Benefiting from the powerful multi-dimensional light field manipulation ability provided by the metasurfaces, multiple independent holograms can be encoded into single metasurface and enhance the information capabilities successfully. Besides, the metasurface holographic imaging method also paves the way to realize beam shaping in miniaturized optical systems. Therefore, metasurface holography is of the great research value.
With the development of quantum information, it is a natural idea to apply the metasurface holography technology to the compact quantum information systems. The single photon light source, as a typical quantum light source, has a special property: wave-particle duality. The spatial distribution of single-photon wave packets could be described by the quantum wave function. When quantum observation is performed on a single photon, the quantum wave function will collapse to a certain eigenstate.
Most of the current research on metasurface holography imaging are realized under laser illmumination. However, acquiring holographic images with single-photon light source illumination has not been realized. In addition, how wave-particle duality is reflected in the interaction of single photon with the metasurface also needs to be further investigated.
To solve the above problems. The research group led by Prof. An-Ning Zhang cooperated with Prof. Ling-Ling Huang from the Beijing Institute of Technology. They worked together to reduce the loss of quantum light source by optimizing the experimental light path and using quantum state modulation theory to realize metasurface holography based on quantum light source. The relevant research results are published in Photonics Research, Volume. 10, Issue 11, 2022 (Jia-Zhi Yang, Rui-Zhe Zhao, Zhe Meng, Jian Li, Qing-Yuan Wu, Ling-Ling Huang, An-Ning Zhang. Quantum metasurface holography[J]. Photonics Research, 2022, 10(11): 2607).

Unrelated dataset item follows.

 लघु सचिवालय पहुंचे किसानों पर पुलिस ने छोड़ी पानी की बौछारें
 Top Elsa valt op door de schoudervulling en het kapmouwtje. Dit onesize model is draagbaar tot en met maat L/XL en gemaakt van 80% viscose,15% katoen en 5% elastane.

Based on a modified Gerchberg–Saxton algorithm, multiple holograms with quantified phase relations are generated and encoded into different polarization channels of single metasurface. The reconstructed holographic images are successfully obtained under laser illumination firstly. Then a metasurface holographic experimental device under quantum light source illumination as well as raster scan detection is built, as shown in Fig. 1.
The quantum light source used in this work is heralded single photon source. One signal photon is used to predict the existence of another idle photon and can be detected by a detector. In addition, we employ another detector to monitor the photon count rate reflected by the polarization beam splitter before the metasurface. By adjusting the reflected photon count rate to the minimum, we achieved high photon utilization.

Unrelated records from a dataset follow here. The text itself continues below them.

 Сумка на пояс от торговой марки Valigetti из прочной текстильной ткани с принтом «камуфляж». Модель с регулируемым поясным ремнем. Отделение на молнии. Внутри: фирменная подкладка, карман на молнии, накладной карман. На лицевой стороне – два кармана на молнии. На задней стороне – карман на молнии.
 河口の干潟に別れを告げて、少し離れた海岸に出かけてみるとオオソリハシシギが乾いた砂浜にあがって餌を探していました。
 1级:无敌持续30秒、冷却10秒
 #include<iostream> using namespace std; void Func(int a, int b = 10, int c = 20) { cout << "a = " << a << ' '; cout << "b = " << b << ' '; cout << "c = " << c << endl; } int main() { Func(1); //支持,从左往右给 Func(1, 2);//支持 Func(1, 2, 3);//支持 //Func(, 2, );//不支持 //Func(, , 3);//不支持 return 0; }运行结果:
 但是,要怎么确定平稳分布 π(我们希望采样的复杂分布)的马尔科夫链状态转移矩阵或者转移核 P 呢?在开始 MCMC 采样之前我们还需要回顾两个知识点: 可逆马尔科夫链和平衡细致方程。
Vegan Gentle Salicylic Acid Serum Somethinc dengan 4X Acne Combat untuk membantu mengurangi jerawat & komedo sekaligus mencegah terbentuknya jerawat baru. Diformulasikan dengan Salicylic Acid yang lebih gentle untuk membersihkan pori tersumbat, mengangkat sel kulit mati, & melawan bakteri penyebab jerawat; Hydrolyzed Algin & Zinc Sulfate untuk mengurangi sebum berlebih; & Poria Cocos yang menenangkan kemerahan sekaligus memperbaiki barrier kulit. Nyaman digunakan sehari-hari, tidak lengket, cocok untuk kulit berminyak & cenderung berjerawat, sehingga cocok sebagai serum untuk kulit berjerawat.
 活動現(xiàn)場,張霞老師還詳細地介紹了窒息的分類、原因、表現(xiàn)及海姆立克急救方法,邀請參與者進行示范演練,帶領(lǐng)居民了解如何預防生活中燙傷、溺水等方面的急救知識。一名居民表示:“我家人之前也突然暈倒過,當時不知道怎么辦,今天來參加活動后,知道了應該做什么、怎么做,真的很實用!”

Fig. 1. Metasurface holographic experimental setup using quantum light source and raster scan.
By controlling the polarization states of input and output, the reconstructions of images in different areas can be realized, and the results are shown in Fig. 2. For a single photon, its propagation satisfies the description of the quantum wave function. The choice of the input and output polarization state is to project the quantum wave function to a specific measurement basis. As a result, the quantum state will collapse. It will cause a change in the quantum wave function of the single photon, not just a strength reduction.
As shown in Fig. 2, the reconstructed images under quantum light source are basically consistent with the results under laser illumination. This result shows that the quantum light will interact with the entire metasurface sample when passing through it. In other words, a single photon will be modulated by the entire metasurface sample. This phenomenon satisfies the description of quantum wave function, indicating that quantum wave function can be modulated by subwavelength structure. This conclusion will effectively expand the application of metasurface in quantum control.

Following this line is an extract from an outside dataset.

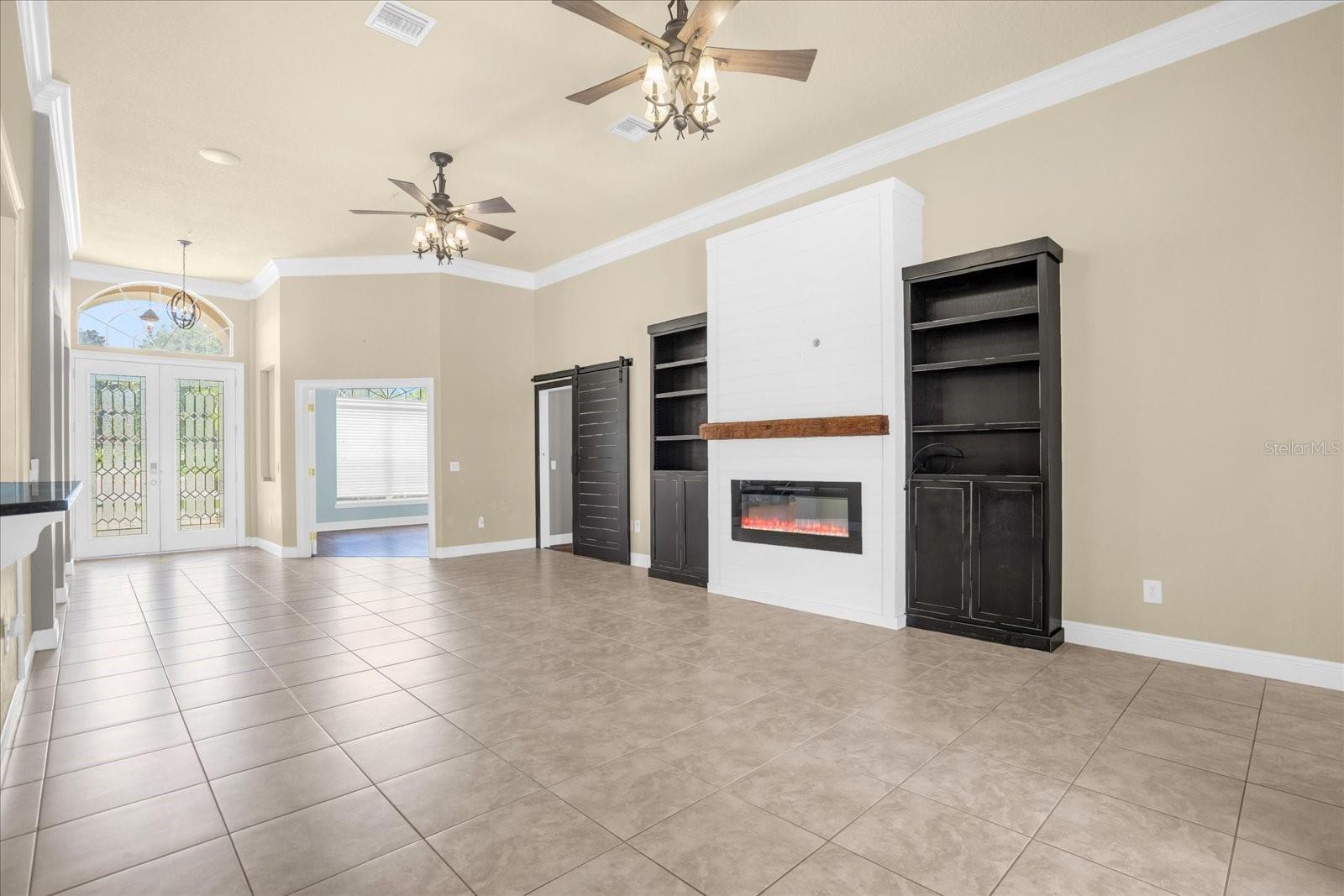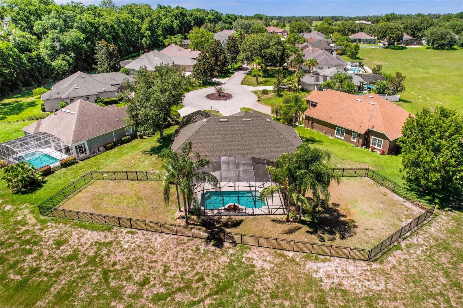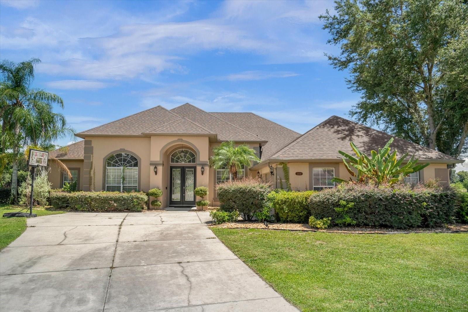 Beautiful custom built home close to Orlando and Mount Dora. Nestled in the back of the beautiful Park at Wolf Branch neighborhood on a cul-de-sac, this 4 bedrooms, 3.5 bath is the perfect home for you! Fantastic landscaping leads you up to the double glass front door. The open floor plan has a build in entertainment center with an electric fireplace set in the middle of the custom-built bookcases and storage shelving. The kitchen has granite countertops, stainless steel appliances and tall cabinets with crown molding. Home has formal dining room and an office/living room with glass doors. Split floor plan, with an oversized master bedroom suite. Large master bathroom with new cabinets, double walk-in shower and an oversized walk-in closet. The 3 bedrooms on the other side of the house are oversized as well. Second bathroom has double sinks and a jacuzzi jet tub. Walk outside from the main room (or the pool bath or master bedroom) to the private pool to cool off. The back yard is completely fenced and has complete privacy. The house has triple crown molding throughout the 12' ceilings in the main room! Very custom! There are surround sound speakers throughout the family room, master bedroom and bathroom, and outside around the pool giving this house a fantastic place to entertain! *Sold AS-IS *Roof was replaced in 9/2019. Septic drain field replaced 12/2020. New pool filter system June 2024.

Fig. 2. Imaging results. The first line is the simulation result, the second line is the result of laser illumination and CCD imaging, and the third line is the result of quantum light source illumination and raster scan imaging.
Professor Ling-Ling Huang believes that the use of quantum light sources in metasurface computer-generated holography is of great significance to metasurfaces fields and quantum imaging fields. Metasurface has attracted much attention in recent years due to its special subwavelength structure and light field manipulation ability. Quantum light sources have also received more and more attention with the development of quantum technology. Combining quantum light sources and metasurface holography will expand the application field of quantum light sources, and is expected to provide new ideas and visions for the design of metasurface.